FREYBERG, Bernard Cyril
(1889-1963)
b.London. First Baron of Wellington, New Zealand, and Munstead, Surrey.
At the start of the 1914-18 war Freyberg went to England, joined the 7th
(Hood) Battalion of the Royal Naval Brigade and went to the Belgian
front.
One night in April 1915 he swam ashore
in the Gulf of Saros to divert the Turks' attention from the main
landing at Gallipoli and escaped unharmed despite heavy fire. This
earned him a Distinguished Service Order medal.
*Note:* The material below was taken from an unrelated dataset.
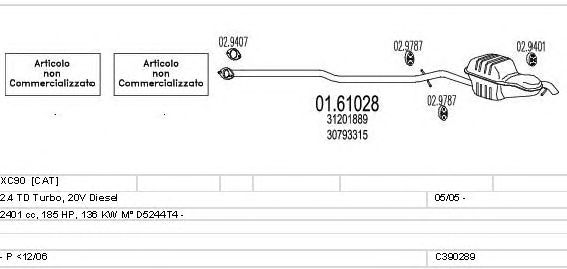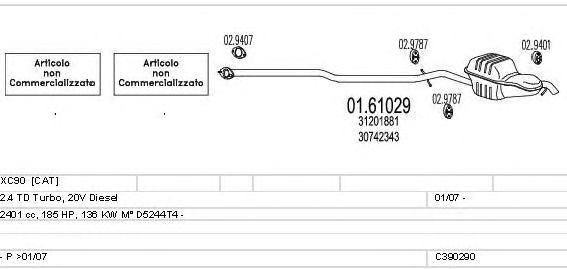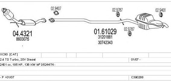 Раб. объем (округленный) - 2,4; тип модели - TD Turbo, 20V D; Число дверей - C; начиная с г. вып. - 01/2007; раб. объем (точн.) - 2401; код двигателя - D5244T4; Исполнение днищевой планки - Kat; мощность - 136

Freyberg served in
France and won his Victoria Cross for action on the Somme in November
1916.
The citation said, 'This single
officer enabled the lodgement (in the battle for Beaumont Village) of
the corps to be permanently held, and on this point the line was
eventually formed' for later attacks. He was carried away..on a
stretcher after being wounded four
times. By the end of the war
Freyberg was a Temporary Brigadier with two bars to his DSO, the Croix
Militaire de Guerre (CMG) and had been six
times mentioned in despatches. He
was wounded nine times.
Troops who served with him in World War Two say there was hardly a part
of his body unmarked by scars.
He was recalled in 1939 and was
invited by the NZ government to command the New Zealand Division in the
Middle East in November. Briefly in 1941 he was Allied
Commander-in-Chief in Crete, controlling the evacuation, and he led the
New Zealanders until the end of the war, for which he gained a third bar
to his DSO.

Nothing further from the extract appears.